Eternity is a really, really long time. (Trust me, I’m a doctor.)
When I was in elementary school, it seemed like it took forever to get through the school year. The winter months after Christmas break were particularly tough to get through. To a little kid, some of those months seemed like an eternity, especially when we had to do gymnastics. (I don’t care what the coaches said; I’m still convinced that the human body wasn’t made to fly through the air upside down and backwards). Every day I went to school thinking I would break my neck and be paralyzed. Those were dark days to a little kid and they seemed eternal. (Who’d have known that 40 years later my childhood fears would come true when I was in a propane fire, went tumbling through the air, and knocked a disc out in my neck which caused nerve damage requiring bone graft and disc fusion surgery?… I wish I could go back and tell the coach that I was right.)
When times are bad, we often have a tendency to:
- Think things can’t get any worse
- Focus on our present turmoil
- Feel like the hardships are taking an eternity to get through
I encourage you to seek a different perspective that can help turn your attitude towards the positive. Consider an eternal perspective: Ask yourself if any of your current hardships will matter 100 years or even 1000 years from now. By the grace of God, 100 years from now we’ll be in heaven with our friends and loved ones, and all of our current concerns will be inconsequential. In heaven, love and joy will be everywhere and forgiveness will be rampant. If it was otherwise, they wouldn’t call it heaven.
Another way to look at life is similar to a Galton board (or bean machine). In a Galton board, balls fall from top to bottom, hitting pegs along the way. Some of the balls fall almost straight down. Others hit lots of pegs, and they wind up falling far to the side. Lots of the balls will fall almost straight down, while others will encounter lots of obstacles and take the long road.
All of us will have some stressful times in our lives, whether that is medical, financial, personal, or legal problems. Some of us may go through life like the balls on the Galton board that pass through with less obstacles and in fairly straightforward fashion. Others will encounter more stress, more obstacles that bump them off their desired path, similar to the balls that bounce to the sides of the Galton board.
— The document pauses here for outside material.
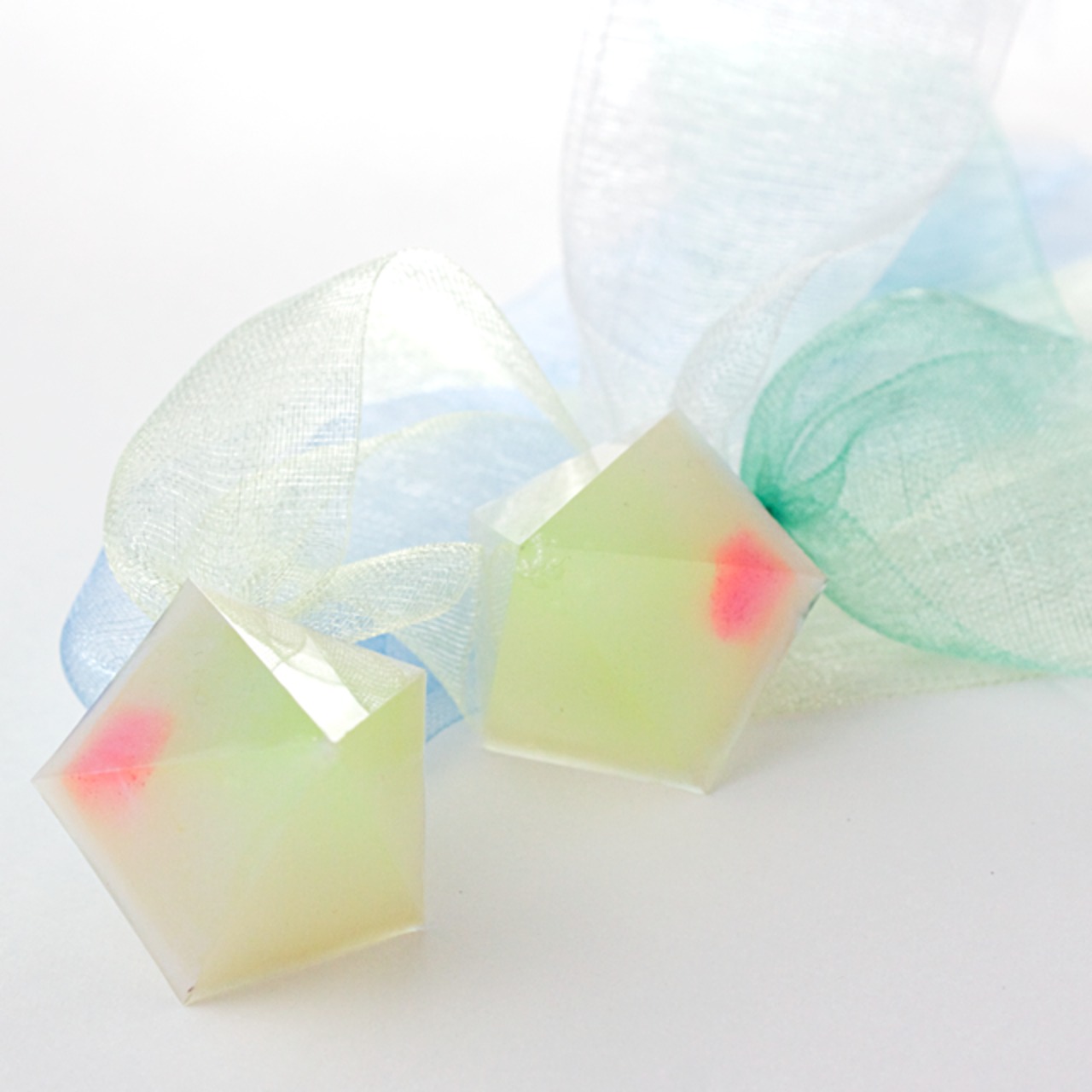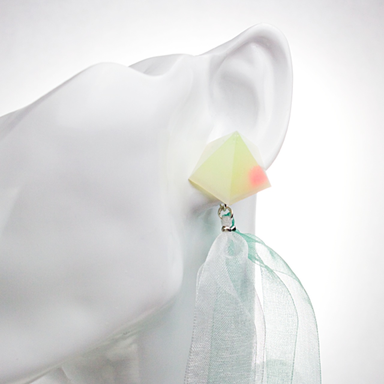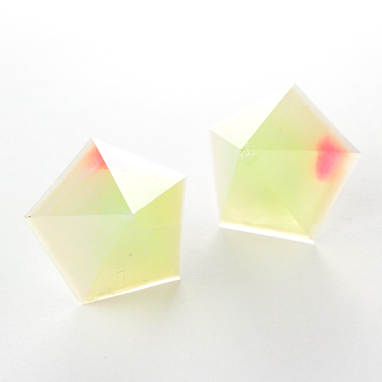 偏光のカラーをクリスタルレジンで閉じ込めたペンタゴンピアスです。

These are people who might say ‘If it wasn’t for bad luck, I’d have no luck at all.’ Either way, all of the balls eventually wind up in the same collection bucket at the bottom of the board, regardless of whether they’ve taken the hard or easy path.
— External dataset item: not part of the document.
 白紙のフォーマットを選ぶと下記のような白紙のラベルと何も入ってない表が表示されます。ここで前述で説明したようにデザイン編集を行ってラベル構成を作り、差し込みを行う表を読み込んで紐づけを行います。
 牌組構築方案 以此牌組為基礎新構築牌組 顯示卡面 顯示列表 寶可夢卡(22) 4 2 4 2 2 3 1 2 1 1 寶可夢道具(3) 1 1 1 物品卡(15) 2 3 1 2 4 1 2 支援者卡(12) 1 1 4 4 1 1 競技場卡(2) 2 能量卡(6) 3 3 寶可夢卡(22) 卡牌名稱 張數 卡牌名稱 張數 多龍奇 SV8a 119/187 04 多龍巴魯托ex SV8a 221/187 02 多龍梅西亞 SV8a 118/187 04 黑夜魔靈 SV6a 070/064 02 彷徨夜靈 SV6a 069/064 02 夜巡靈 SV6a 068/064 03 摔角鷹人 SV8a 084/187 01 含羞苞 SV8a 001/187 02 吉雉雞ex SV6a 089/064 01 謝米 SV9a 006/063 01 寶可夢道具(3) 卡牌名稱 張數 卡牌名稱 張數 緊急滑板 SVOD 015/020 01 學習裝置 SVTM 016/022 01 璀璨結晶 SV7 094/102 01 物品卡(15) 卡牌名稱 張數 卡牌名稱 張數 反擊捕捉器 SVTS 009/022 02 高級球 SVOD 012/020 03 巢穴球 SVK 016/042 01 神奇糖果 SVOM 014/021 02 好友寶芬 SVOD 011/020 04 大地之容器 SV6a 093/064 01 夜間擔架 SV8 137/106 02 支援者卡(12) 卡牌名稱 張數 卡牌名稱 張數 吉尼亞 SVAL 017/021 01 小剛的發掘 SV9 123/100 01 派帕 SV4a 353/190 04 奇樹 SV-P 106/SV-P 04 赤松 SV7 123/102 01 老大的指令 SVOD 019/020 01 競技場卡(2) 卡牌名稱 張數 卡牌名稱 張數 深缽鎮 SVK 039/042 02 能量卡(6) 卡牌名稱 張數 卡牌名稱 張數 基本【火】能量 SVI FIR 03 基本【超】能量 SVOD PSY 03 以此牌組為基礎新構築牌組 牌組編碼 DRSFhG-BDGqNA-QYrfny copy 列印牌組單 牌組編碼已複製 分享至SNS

In a similar manner, from an eternal perspective, we all wind up in the same place through Christ’s saving grace. Years from now, the path we take (our stressful/hard times), become irrelevant. I encourage you to use this eternal perspective to comfort yourself and reduce anxieties during stressful periods.
When I was in medical school, students would naturally be concerned about the grade we got on tests.
Keep in mind that students in medical school are used to getting straight ‘A’s and destroying the grading curve for everyone else. Naturally, medical students would feel devastated when they got a ‘C’. Faculty would reassure us with the long term (i.e. eternal) perspective:
Faculty: ‘What do you call the medical student who graduates last in his class?’
Student: ‘What?’
Faculty: ‘Doctor’
Yes, the eternal perspective is reassuring. (By the way, if you are one of my patients, don’t worry, I did pretty well…I wasn’t last.)
Remember the eternal perspective and be thankful; after all, it’s a gift from God.